Trump tells Davos he will demand lower interest rates, oil prices

By Echo Wang, Marwa Rashad and Trevor Hunnicutt

DAVOS, Switzerland (Reuters) -U.S. President Donald Trump demanded OPEC lower oil prices and the world drop interest rates in a speech to global business and political leaders and warned them they will face tariffs if they make their products anywhere but the U.S.

“I’ll demand that interest rates drop immediately. And likewise, they should be dropping all over the world,” Trump said via video to the World Economic Forum in Davos, Switzerland, on Thursday. “I’m also going to ask Saudi Arabia and OPEC to bring down the cost of oil.”

The remarks, Trump’s first to global leaders in his four-day-old presidency, bolster the message that his second term will eschew free market norms inside the U.S. and out.

Despite robust comments on the tariffs he wants to put in place, he did not provide specifics at a time when markets are on edge over his plans.

Oil prices turned negative as Trump spoke, while the euro dipped and the U.S. dollar swung between gains and losses against a basket of foreign currencies. The S&P 500 benchmark of U.S. stocks rose to a near all-time high.

COMPLIMENTS AND CRITICISM

Trump spoke to about 3,000 Davos attendees, who cheered as Trump’s face appeared on the big screen. The president, a businessman whose first elected office was the White House, listed the rapid-fire changes he had made since his swearing-in on Monday that have upended U.S. government policies on diversity, climate change and immigration.

In a subsequent conversation with conference attendees including Bank of America CEO Brian Moynihan and Blackstone Group CEO Stephen Schwarzman, the U.S. president’s remarks veered between compliments and criticism.

At one point, Trump chided Moynihan and JPMorgan Chase for not providing banking services to conservatives, without offering evidence or specifics of any wrongdoing. The banks were quick to issue statements saying that was untrue.

Moynihan ignored the accusation, instead complimenting Trump on the United States hosting the 2026 FIFA World Cup.

Trump’s address was an unusual moment, affording a handful of business executives an opportunity to publicly question the U.S. president on issues that affect their businesses, or in some cases their specific investments, projects and interests.

Some of his harshest criticism was reserved for traditional U.S. allies Canada and the European Union, who he threatened again with new tariffs, while berating them for allowing trade surpluses with the United States.

“One thing we’re going to be demanding is we’re going to be demanding respect from other nations. Canada. We have a tremendous deficit with Canada. We’re not going to have that anymore,” he said.

He sharply criticized his predecessor Joe Biden and policies that have dominated at Davos for years, from climate change to diversity. Former U.S. Secretary of State John Kerry, who served under Biden, visibly winced as he listened.

Some Davos attendees were complimentary of his direct style afterward while others gently disagreed with his remarks.  

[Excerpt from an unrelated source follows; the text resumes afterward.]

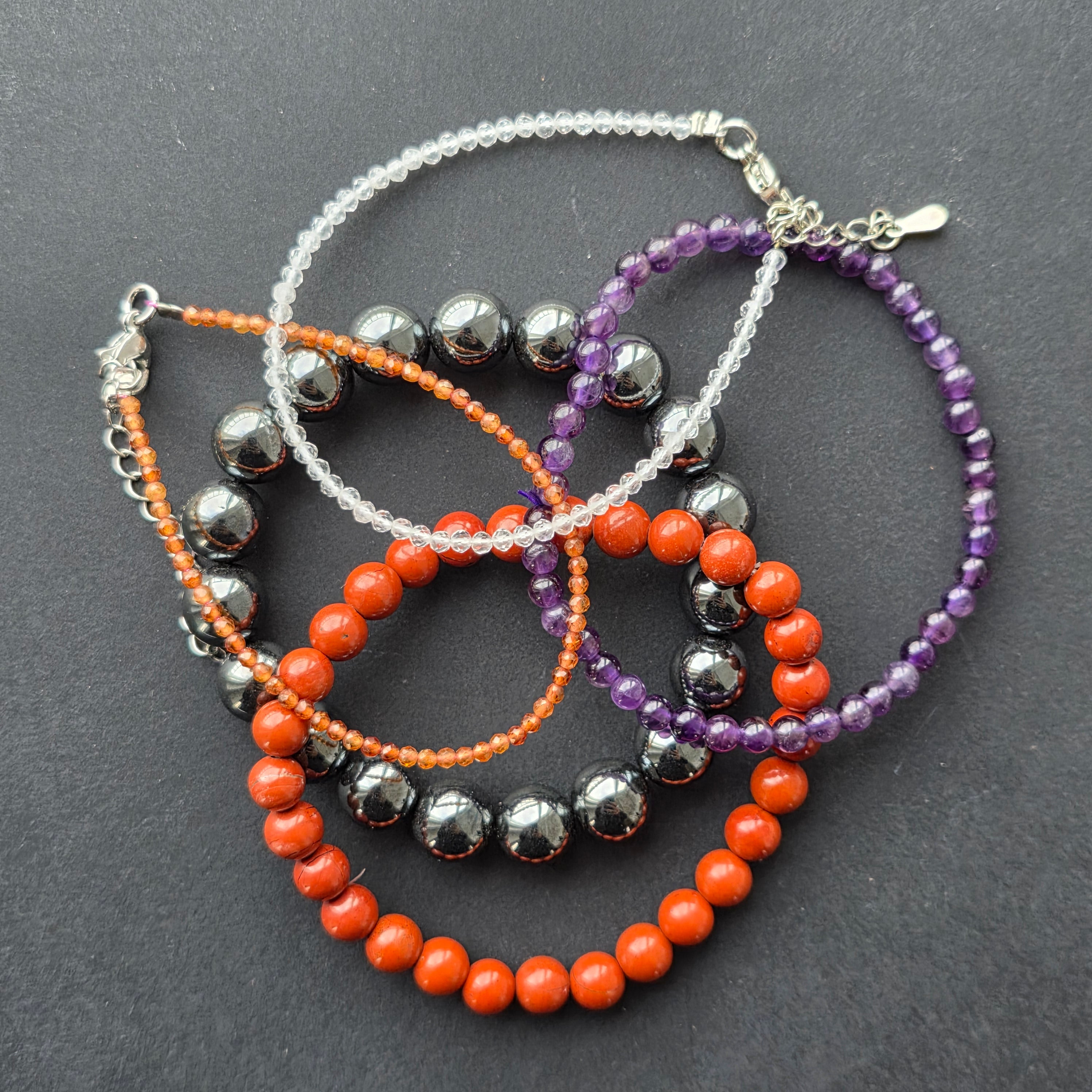Amethyst at 4 mm offers calm, intuition, and balance, tempering impulses and creating space for clarity.

“It’s not particularly strange that you want to foster growth in your own country,” Espen Barth Eide, minister of foreign affairs for Norway, told Reuters after Trump’s speech. “But of course, we believe that we are better off in the world of free trade, where we exchange goods and services openly.”

NUCLEAR ARMS AND PUTIN

Trump promised to reduce inflation with a mix of tariffs, deregulation and tax cuts along with his crackdown on illegal immigration and commitment to making the United States a hub of artificial intelligence, cryptocurrencies and fossil fuels.

“The United States has the largest amount of oil and gas of any country on Earth, and we’re going to use it,” Trump said. “Not only will this reduce the cost of virtually all goods and services, it will make the United States a manufacturing superpower.”

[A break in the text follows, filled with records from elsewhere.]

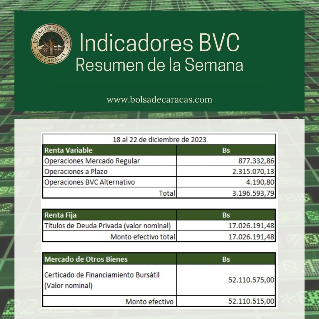 En la Bolsa de Valores de Caracas, entre el 18 y el 22 de diciembre de 2023, se negoció un total de 74 millones 549 mil 255 bolívares.
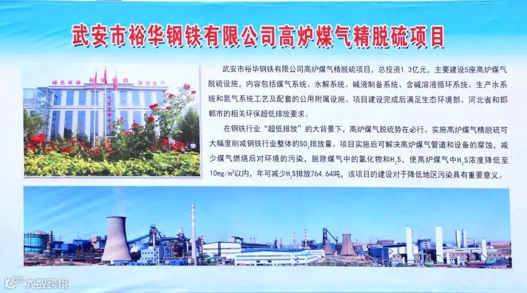 武安市裕华钢铁有限公司高炉煤气精脱硫项目,总投资1.3亿元,主要建设5 座高炉煤气脱硫设施,内容包括煤气系统、水解系统、碱液制备系统、含碱溶液循环系统、生产水系统和氮气系统工艺及配套的公用附属设施。项目建设完成后可满足生态环境部、河北省和邯郸市的相关环保超低排放要求。
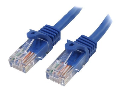 StarTech.com® RJ45PATCH35 35' Blue UTP Cat 5e patch cable provides PoE capable gigabit network application. Snagless RJ45 male-to-male connectors offer reliable connection.
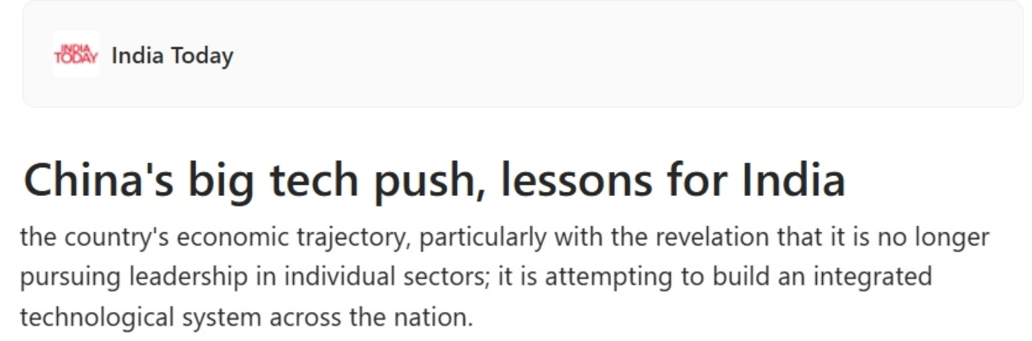 “十五五”規(guī)劃綱要對科技領(lǐng)域的最新部署,為世界提供了怎樣的發(fā)展范本?文章以印度為例稱,印度下階段的科技戰(zhàn)略必須從“部門性任務(wù)”躍升為“系統(tǒng)性能力”,讓前沿科技成為印度在生產(chǎn)力、治理與創(chuàng)新方面的核心驅(qū)動力。
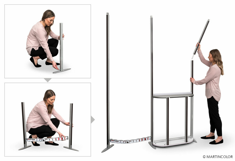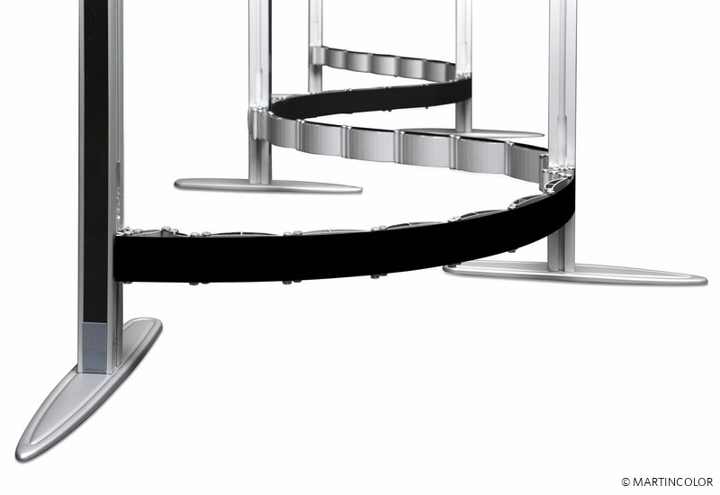Die patentierte Flexi-Wellen-Verbindung sorgt auch beim Biegen und Dehnen des Displays bis zu 180° für maximale Standstabilität. Mit passenden Extension-Modulen lässt sich ISOframe beliebig um jeweils 80 cm breite Einheiten verlängern. Dank der Schnell-Klemm-Verbindungselemente ist die Montage werkzeuglos durchführbar. Zusätzliche Träger ermöglichen das Anbringen von Regalen, Tischelementen, TFT- oder LCD-Bildschirmen. ISOframe wave ist in zwei Höhen erhältlich: 2290 mm (Midi) und 2480 mm (Maxi).
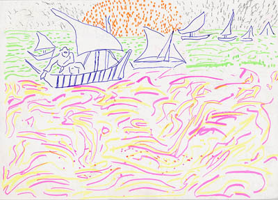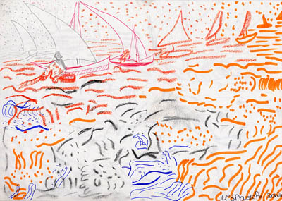 Leur comportement était intéressé, face à la découverte de l'oeuvre. Ils ont bien aimé cette scène maritime. Ils ont très facilement décrit l'oeuvre et leur travail en utilisant des termes de dessin (traits, points, lignes courbes, droites, contours...).
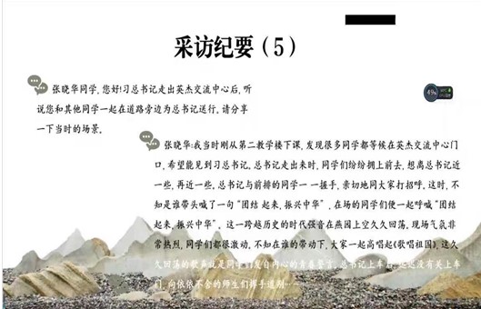 第二部分,材料精读环节。赵怡初(2021级本科生)为大家领读对话实录。张梦涵(2021级本科生)、马晨希(2021级本科生)等同学分别担任相应学习部分的领读人,带领全体同学共同阅读学习材料并对相关内容发表了自己的观点。通过材料精读环节,同学们认识到了创新是引领发展的第一动力,是综合国力和核心竞争力的最关键因素,同时也认为青年学生应当坚持“爱国、励志、求真、力行”的八字方针,不辜负总书记对广大青年的殷切希望。
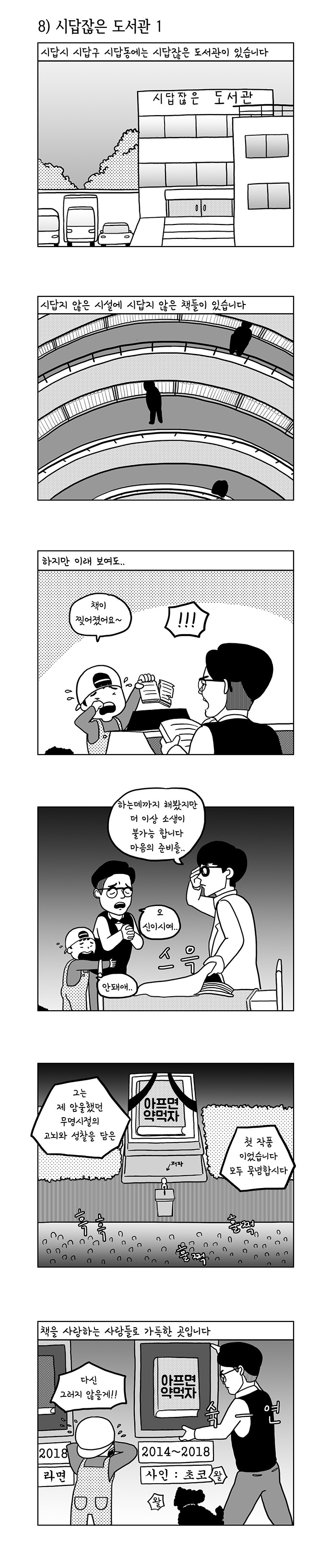 도서관에서 일한 지 얼마 되지 않았을 때, 작게 혹은 크게 훼손된 책을 보고 가슴이 아팠다. 훼손된 책을 모아서 한번씩 장례를 치르고 더 이상 보충하지 않으면 사람들은 책을 더 소중히 여기지 않을까 하는 생각을 했다. 그렇게 운영되는 도서관은 없겠지만, 나만의 방식으로 운영되는 도서관을 만화로 그려보기 시작한 것이 바로 이 <시답잖은 도서관> 시리즈이다. <천리마 마트>처럼 좀 더 다양한 아이디어로 긴텀으로 그려보고 싶었는데 몇 개 그리지 못한 것이 아쉽다. 하지만 아직 끝나진 않았다.
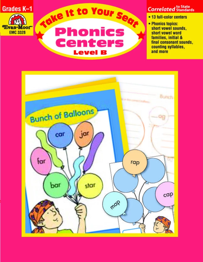 Evan-Moor Evan Moor Take It To Your Seat Phonics Centers Level B, Grades K To 1

He said he was seeking talks with Russian President Vladimir Putin on the war in Ukraine and wants Russia and China to work towards nuclear arms reductions. 

Trump also repeated a string of familiar falsehoods – that the U.S. had the cleanest air and water during his first term and that there was a “Green New Deal” in the United States that he had repealed. 

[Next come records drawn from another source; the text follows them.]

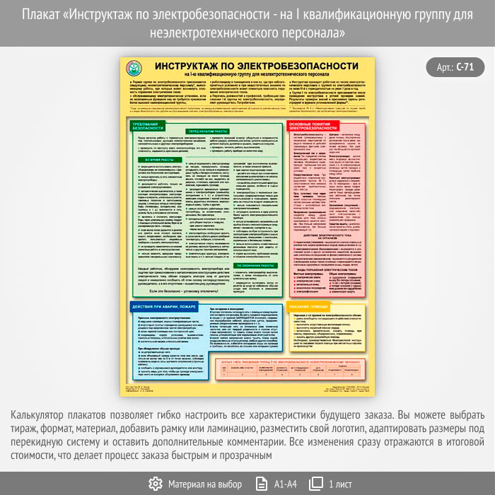 Плакат «Инструктаж по электробезопасности - на I квалификационную группу для неэлектротехнического персонала» (С-71, 1 лист) в Верее купить
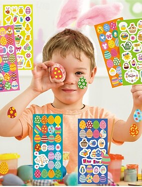 Наполнители для пасхальной корзины Пасхальные наклейки для детей всего 12 листов (2 упаковки по 6) разноцветные наклейки с пасхальным кроликом и яйцом для украшения яиц поделок подарков на вечеринки
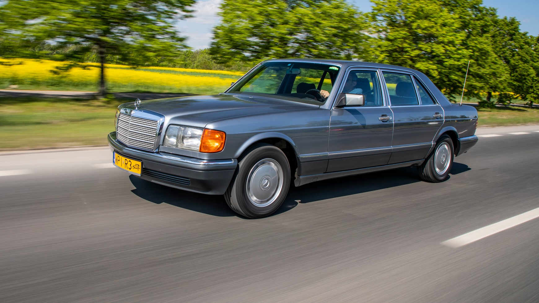Prezentowana wersja 420 SEL z najmniejszym silnikiem V8 w poliftingowej palecie bardzo dobrze radzi sobie z napędzaniem ważącej 1660 kg przedłużonej limuzyny. W sprincie do „setki” auto jest zaledwie o 1,1 s wolniejsze od najmocniejszej, wyposażonej w katalizator „560-ki” (279 KM). Różnica w prędkości maksymalnej wynosi 22 km/h. Niewiele lepsze osiągi mocniejszej o 55 koni topowej odmiany są spowodowane większą o 170 kg masą pojazdu. W przypadku samochodów niejeżdżących na co dzień nie ma to wielkiego znaczenia, ale odbija się oczywiście na zużyciu paliwa – w „560-ce” jest większe o prawie 2 litry. Niezależnie od tego, czy „eska” jest krótka, czy długa, pod względem wybierania nierówności nie ma sobie równych. Miękkie, komfortowe zawieszenie ma też swoją drugą stronę – na szybciej pokonywanych łukach nadwozie wyraźnie się przechyla, ale kto chciałby jeździć 30-letnią limuzyną, mierzącą prawie 5,2 m długości, szybko po zakrętach?
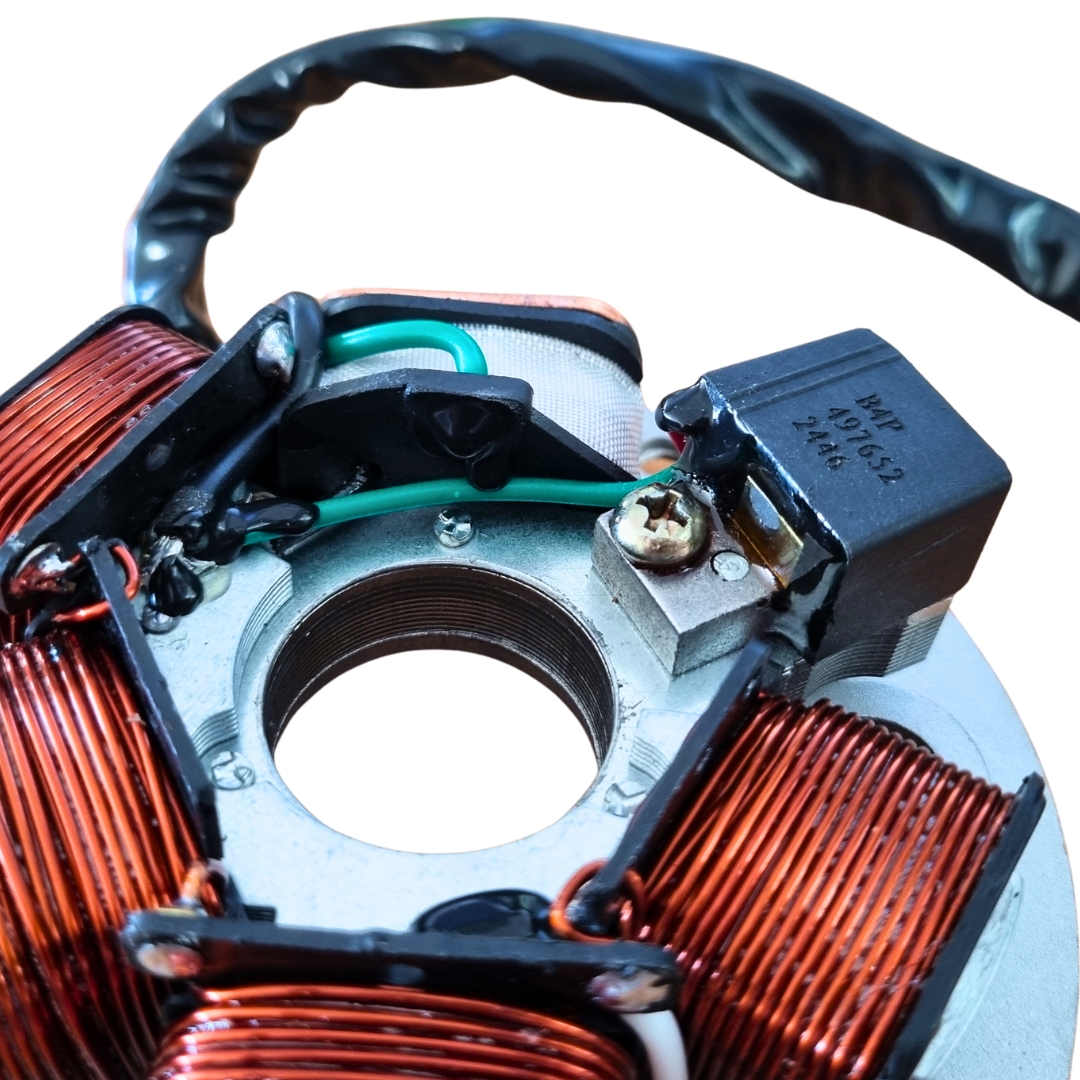 IL STATORE PIAGGIO ORIGINALE 5 POLI CON PIASTRA (CODICE PIAGGIO: 497652) È UN RICAMBIO AUTENTICO PROGETTATO APPOSITAMENTE PER LA SERIE VESPA PX E GARANTISCE AFFIDABILITÀ, DURATA E COMPATIBILITÀ PERFETTA CON I MODELLI DI RIFERIMENTO. QUESTO SUPPORTO BOBINA STATORE È FORNITO NELLA CONFEZIONE ORIGINALE PIAGGIO, MUNITO DI CODICE A BARRE E TALLONCINO IDENTIFICATIVO PER ASSICURARE L?ORIGINALITÀ DEL PRODOTTO.

Since taking office, Trump has withdrawn the United States from the World Health Organization and the Paris climate agreement. He says he will rename the Gulf of Mexico as the Gulf of America, though other countries may not adopt the new name. He has also threatened to take back the Panama Canal from Panama.

He has moved quickly to crack down on immigration, expand domestic energy production and has threatened to impose steep tariffs on the European Union, China, Mexico and Canada.

He also pardoned more than 1,500 supporters who attacked the U.S. Capitol on Jan. 6, 2021, in a failed effort to overturn his 2020 election loss, drawing outrage from lawmakers and police whose lives were put at risk.

Trump is moving to dismantle diversity programs within the U.S. government and is pressuring the private sector to do so as well. That has left some in Davos searching for new words to describe workplace practices that they say are essential to their businesses.